LEWISTON – Joseph Dessent was in his early 30s, an electronics technician with a wife and three children, when he had an epiphany: He wanted to become a doctor like his father.

Jinaya O’Neal, a young mother of two, was separating from her husband when she decided she needed a new career: She, too, wanted to be a doctor.

This summer, Dessent and O’Neal, students at Lewiston-Auburn College, will begin to make their dreams come true. Both will attend the University of New England’s medical school.

They’ll also make history. It will mark the first time any L-A College senior has been accepted to a medical program right out of college.

Dessent was taking engineering classes at the college three years ago when he changed direction. His father, a longtime family doctor, had just hired a young associate to join his practice. Dessent realized he wanted the job.

“You finally find out what you wanted and it’s been in your face all the time,” he said.

Dessent dropped engineering and began looking at pre-med. The Auburn resident wanted to stay in the area.

“When I finally decided what I wanted to do in my life, my local college was the closest and it had a great science program,” he said.

O’Neal was a recently separated mother of two when she decided to go back to school.

“I didn’t know what I wanted to do,” she said. “I just started taking classes.”

She quickly found science both challenging and interesting. Like Dessent, the Mechanic Falls woman enrolled in L-A College’s natural and applied sciences program. Although graduates often become teachers and laboratory workers, O’Neal planned to become a doctor.

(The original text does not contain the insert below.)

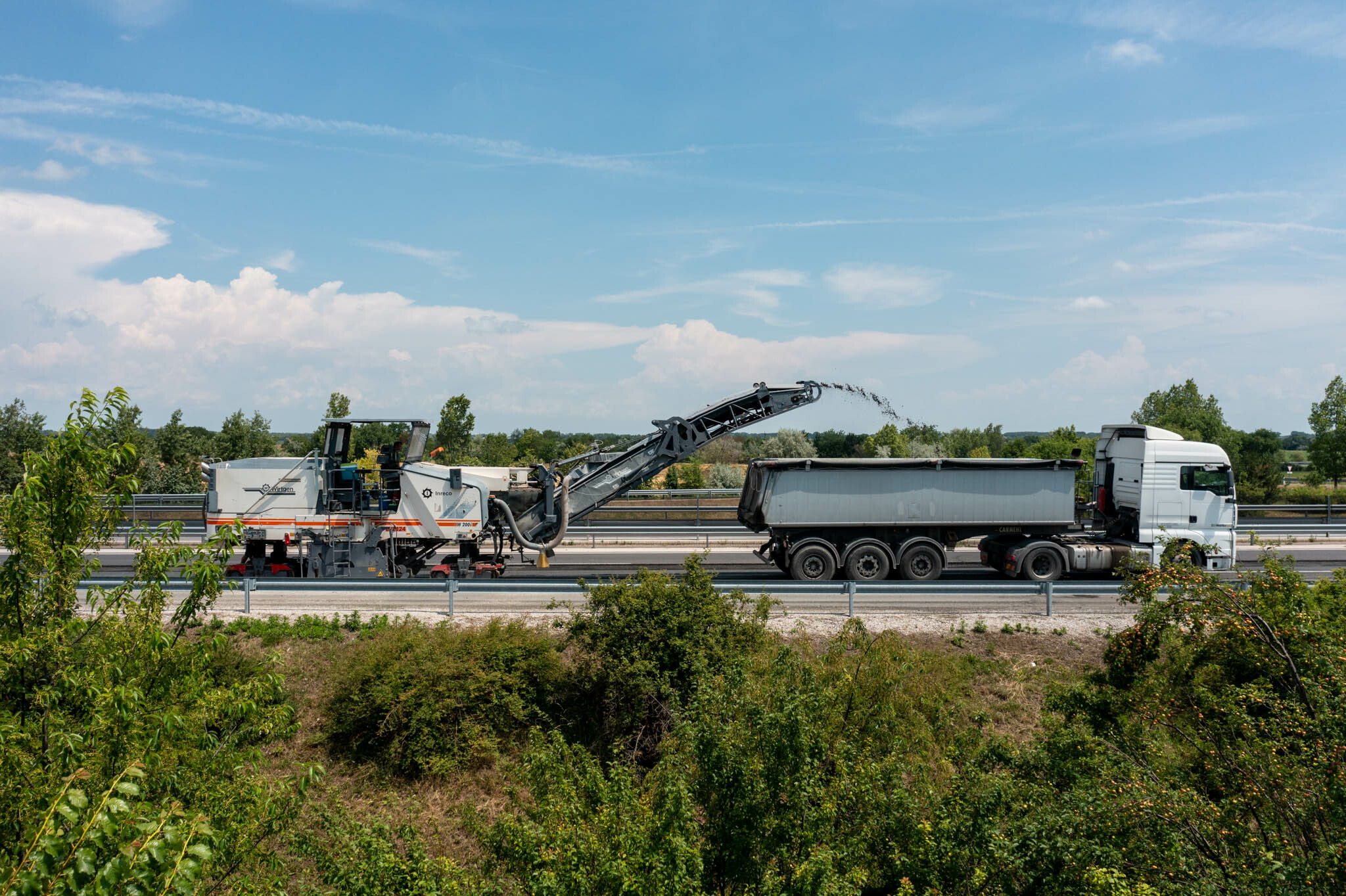 A másik kiemelkedő tulajdonsága az új üzemnek az újrahasznosításhoz kapcsolódik. „Az eszköz képes a mart aszfalt visszaadagolására a jelenlegi előírásoknak megfelelő mértékben, de műszakilag alkalmas akár 35-40 %-os recicling anyag felhasználására megfelelő előkészítés esetén.”

“I didn’t think L-A College was anything that would limit me,” she said. “It’s what you put into it.”

Dessent, 35, and O’Neal, 30, have spent the past few years juggling family, work and school. This spring, each applied to the College of Osteopathic Medicine at the University of New England in Biddeford with hopes of becoming family doctors.

The college accepted both. Officials were so impressed with Dessent that they offered to admit him without the last few credits he needed to officially graduate from L-A College.

Med school starts in July.

“It’s going to be tough. But we’ll do it. We’re not the only ones in the world to have done it,” said Dessent, who expects a 50-minute daily commute while he takes 70 credits in classes every year. “In the end it will be well worth it.”

Dessent and O’Neal will spend four years in UNE’s medical school and three years in a residency before they can practice.

L-A College students have routinely gone on to law school, graduate school and a host of careers since the college opened in Lewiston in 1988. Medical school is another honor to add to the list.

“It speaks to the strength of our science program here, the strength of our faculty and the strength of our classes,” said L-A College spokesman Roger Philippon.

The college, which is part of the University of Southern Maine, has bolstered its science program in recent years, adding more classes and tougher requirements.

Although Dessent and O’Neal are the first L-A College students to go directly to medical school, they may not be the last. One or two underclassmen already are talking about their own plans to become doctors.